§ WORK INSTRUCTION: Reproduce the entries that follow precisely, setting aside any images.
**** MATERIAL SHOWN ****
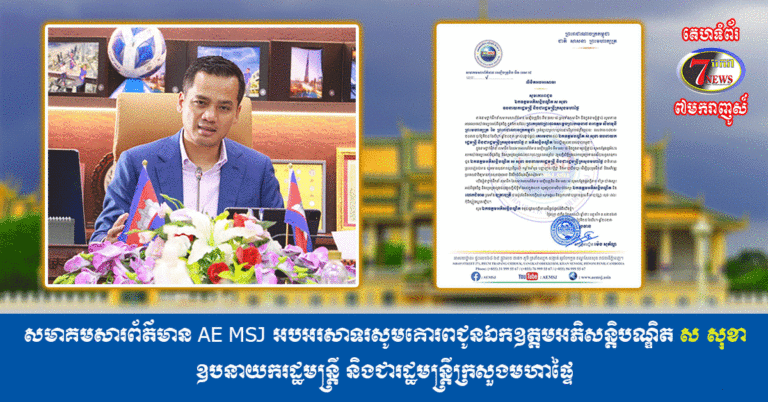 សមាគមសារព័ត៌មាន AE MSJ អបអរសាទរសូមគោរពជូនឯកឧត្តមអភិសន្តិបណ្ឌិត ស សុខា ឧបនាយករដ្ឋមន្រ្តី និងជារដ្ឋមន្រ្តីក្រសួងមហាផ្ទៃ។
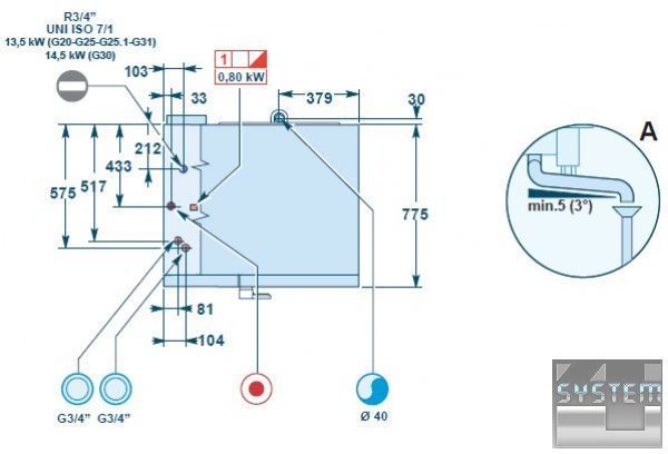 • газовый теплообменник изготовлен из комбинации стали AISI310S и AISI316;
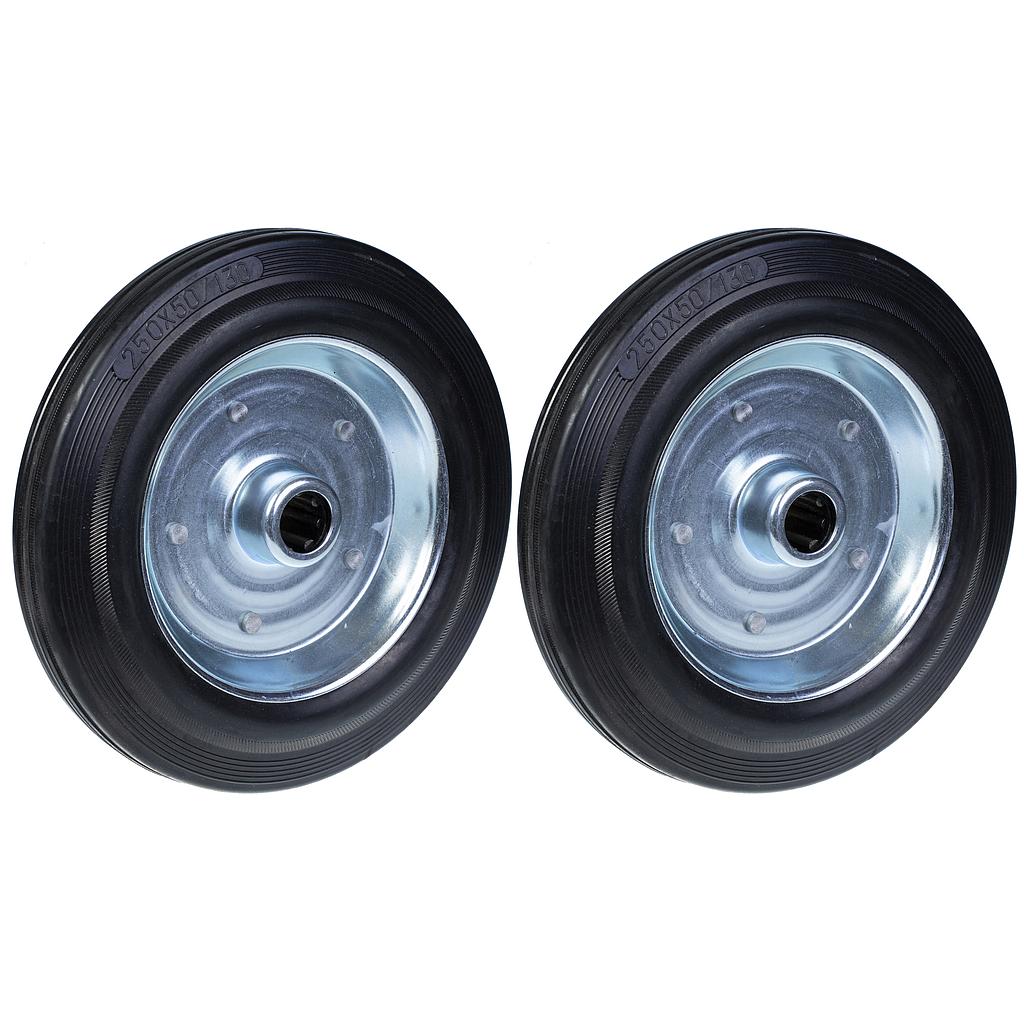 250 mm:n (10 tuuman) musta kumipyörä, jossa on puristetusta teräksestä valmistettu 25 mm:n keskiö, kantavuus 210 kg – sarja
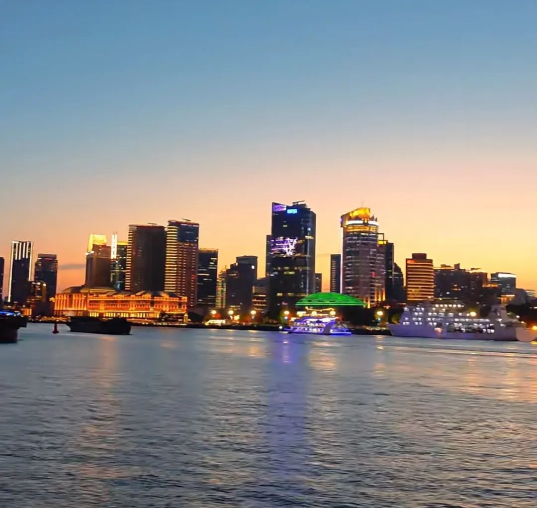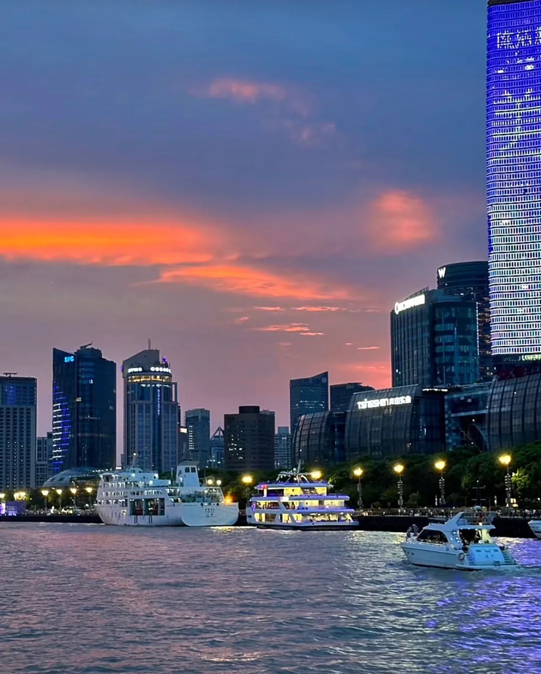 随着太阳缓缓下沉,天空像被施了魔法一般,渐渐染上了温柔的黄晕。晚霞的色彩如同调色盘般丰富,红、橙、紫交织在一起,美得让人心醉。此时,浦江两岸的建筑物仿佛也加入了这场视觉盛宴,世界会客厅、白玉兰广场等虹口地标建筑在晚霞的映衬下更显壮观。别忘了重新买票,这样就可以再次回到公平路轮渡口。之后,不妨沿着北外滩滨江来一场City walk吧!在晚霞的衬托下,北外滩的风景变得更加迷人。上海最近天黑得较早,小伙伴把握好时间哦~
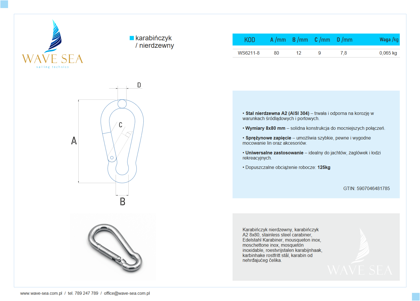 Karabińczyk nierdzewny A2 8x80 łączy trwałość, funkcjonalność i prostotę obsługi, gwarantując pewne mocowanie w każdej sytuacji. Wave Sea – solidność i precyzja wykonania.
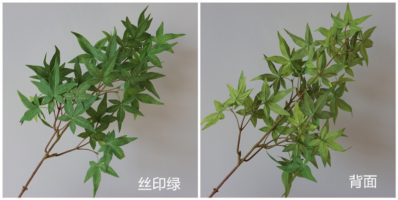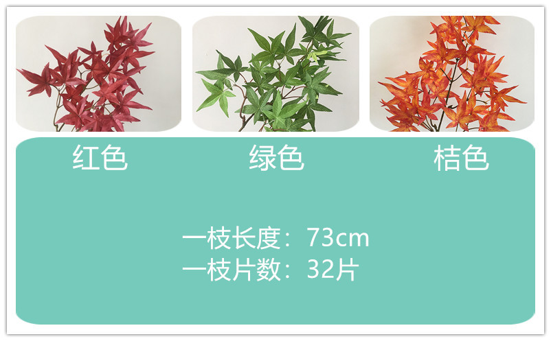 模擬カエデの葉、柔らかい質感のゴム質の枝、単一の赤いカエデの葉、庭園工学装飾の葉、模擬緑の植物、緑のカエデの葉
****
§ COMPLETED TASK:
 សមាគមសារព័ត៌មាន AE MSJ អបអរសាទរសូមគោរពជូនឯកឧត្តមអភិសន្តិបណ្ឌិត ស សុខា ឧបនាយករដ្ឋមន្រ្តី និងជារដ្ឋមន្រ្តីក្រសួងមហាផ្ទៃ។
 • газовый теплообменник изготовлен из комбинации стали AISI310S и AISI316;
 250 mm:n (10 tuuman) musta kumipyörä, jossa on puristetusta teräksestä valmistettu 25 mm:n keskiö, kantavuus 210 kg – sarja
 随着太阳缓缓下沉,天空像被施了魔法一般,渐渐染上了温柔的黄晕。晚霞的色彩如同调色盘般丰富,红、橙、紫交织在一起,美得让人心醉。此时,浦江两岸的建筑物仿佛也加入了这场视觉盛宴,世界会客厅、白玉兰广场等虹口地标建筑在晚霞的映衬下更显壮观。别忘了重新买票,这样就可以再次回到公平路轮渡口。之后,不妨沿着北外滩滨江来一场City walk吧!在晚霞的衬托下,北外滩的风景变得更加迷人。上海最近天黑得较早,小伙伴把握好时间哦~
 Karabińczyk nierdzewny A2 8x80 łączy trwałość, funkcjonalność i prostotę obsługi, gwarantując pewne mocowanie w każdej sytuacji. Wave Sea – solidność i precyzja wykonania.
 模擬カエデの葉、柔らかい質感のゴム質の枝、単一の赤いカエデの葉、庭園工学装飾の葉、模擬緑の植物、緑のカエデの葉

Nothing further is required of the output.